Organic Shampoo
My friend told me that I subtly changed. "Odd," she said, after I sent her a picture of a pair of black Nike Cortez, "You were never one who wear such things. Why changed?"
I contemplated. I could answer, because I spotted so-and-so wore similar thing on her blog and I thought that I could pull that off too. But, she didn't deserve the lie. As one of my closest friends, she deserves the world and more, it wouldn't feel good, at least not morally so, if I lied to her. So, I simply answered, "No, it's just that there is a part of me that's changing, I can feel it. And I think I am changing."
She replied, "Like what you were wearing today?"
I haven't changed that moment, so I looked down at my black jeans and grey shirt attire, both were form-fitting. Oh, my shoes were another rare occurrence--black beaten-up converse. "Yes, I suppose. Yes. Quite similar. Yes."
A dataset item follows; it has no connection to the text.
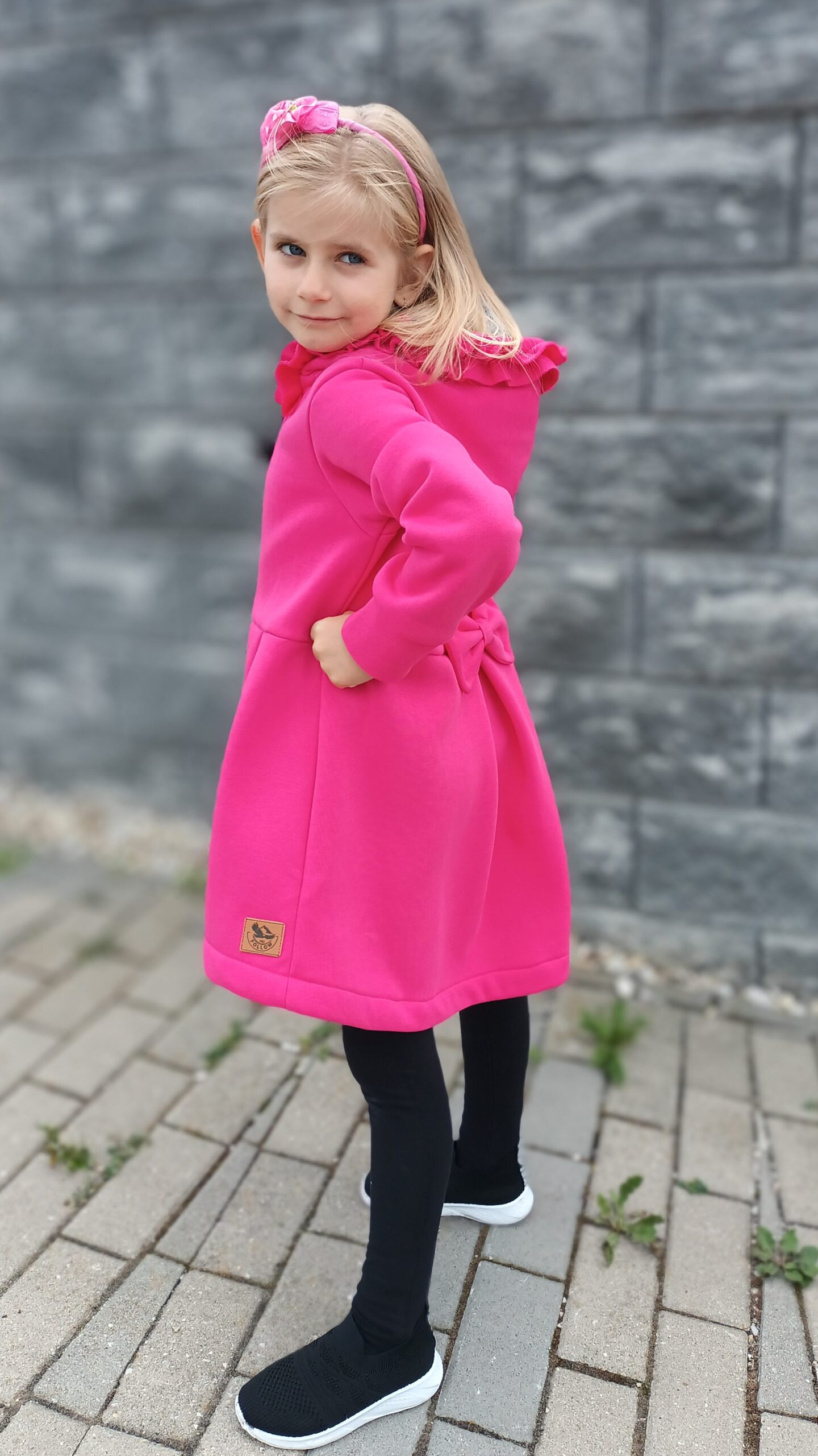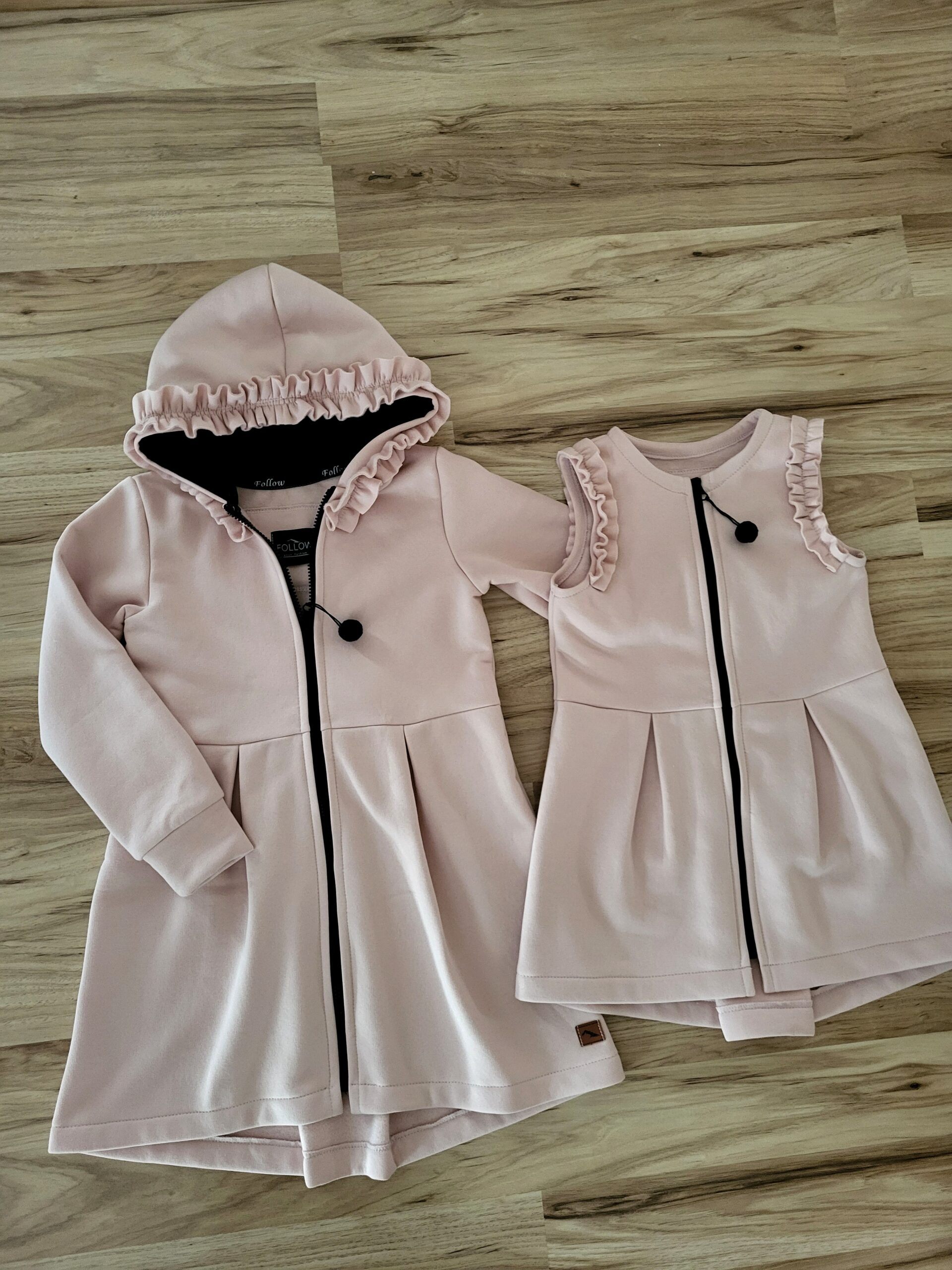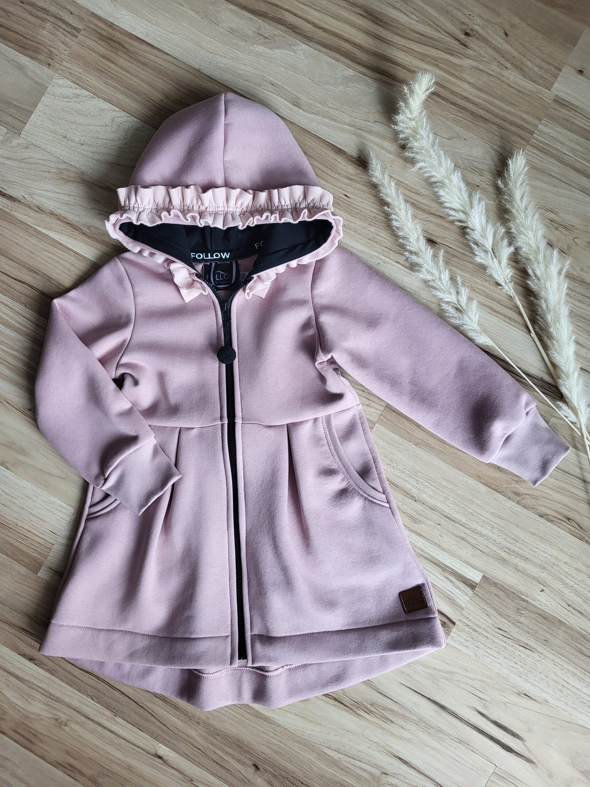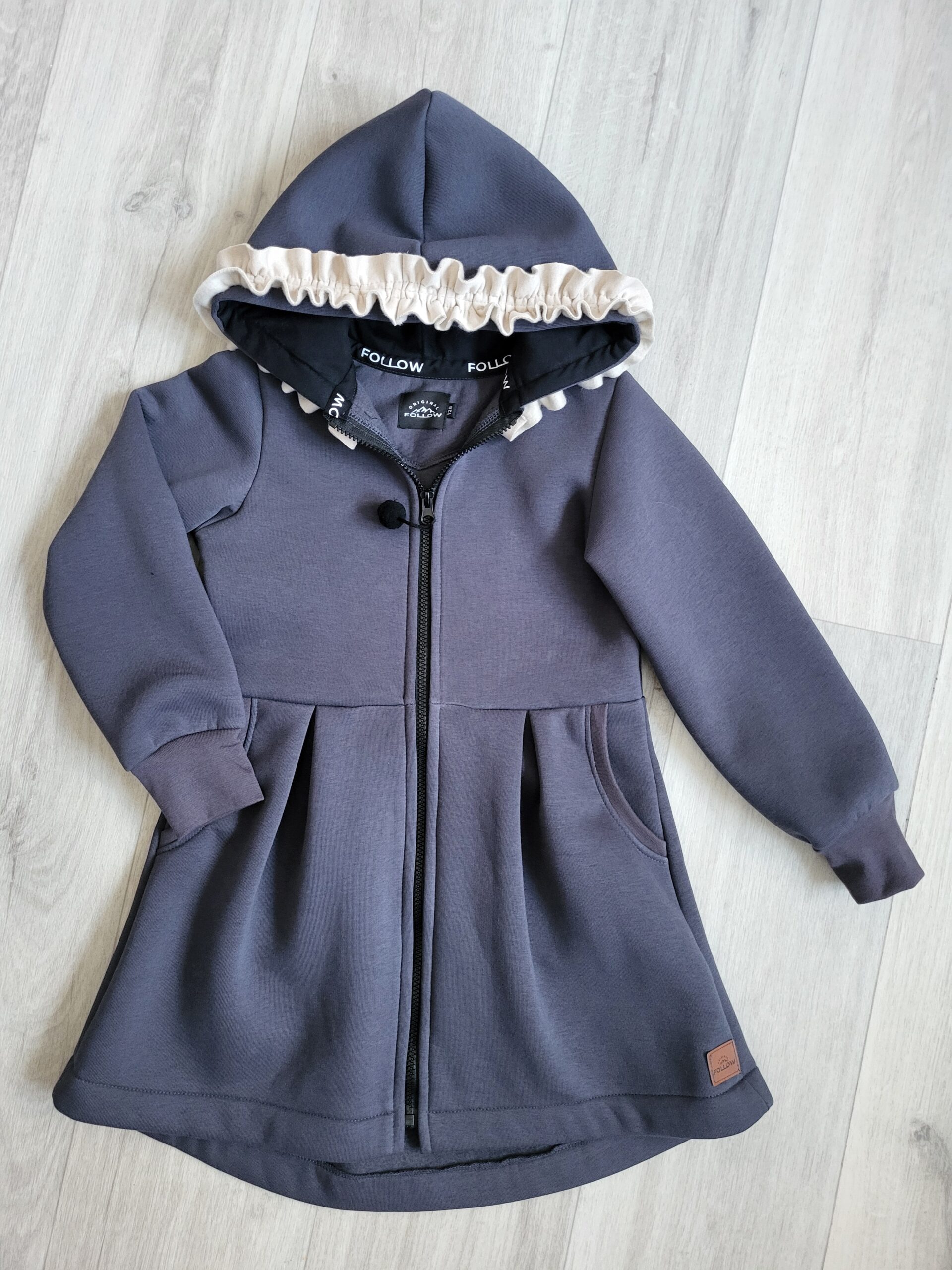 Kabátik je elegantný, predlženého strihu s vreckami, prestrihnutý v páse so záhybmi a s kapucňou. Rukávy sú ukončené manžetou. Je ozdobený riasenkou a mašľou. Zapínanie je na zips. Perfektne sedí, je pohodlný. Ku kabátiku si môžete doladiť legíny/tepláky , čiapku

I think I am changing. I can't explain it to you what exactly is being shaped into another matter entirely, but there are ticking sounds like clocks, something is changing their gears--something is moving. I feel calm, I can't explain how calm I feel right now and why do I all of the sudden eat food in less portion of I normally have. It is alarming how the way I live could be changed without any reasons or any affairs. Nothing happened, but I feel like something is trying to burst out of me and fighting to take over this vision of a person that my friends had known for years.
Maybe in all of those small steps (changing my drugstore brand shampoo to organic shampoo, using more natural products and buying certain article of clothing that don't bear the resemblance of what I used to wear/presented myself with during the past few years), I've found another spectrum of physical illusion that currently seems like the best go-to option for me. Ridiculous, I know--but it doesn't change the fact that I could move out of something that has been literally close to my skin, something that become what people have been voicing out as my style, that easily, even though a bit subtly.
So,
Do you think I can change the way I feel about you the same way I change the way I look?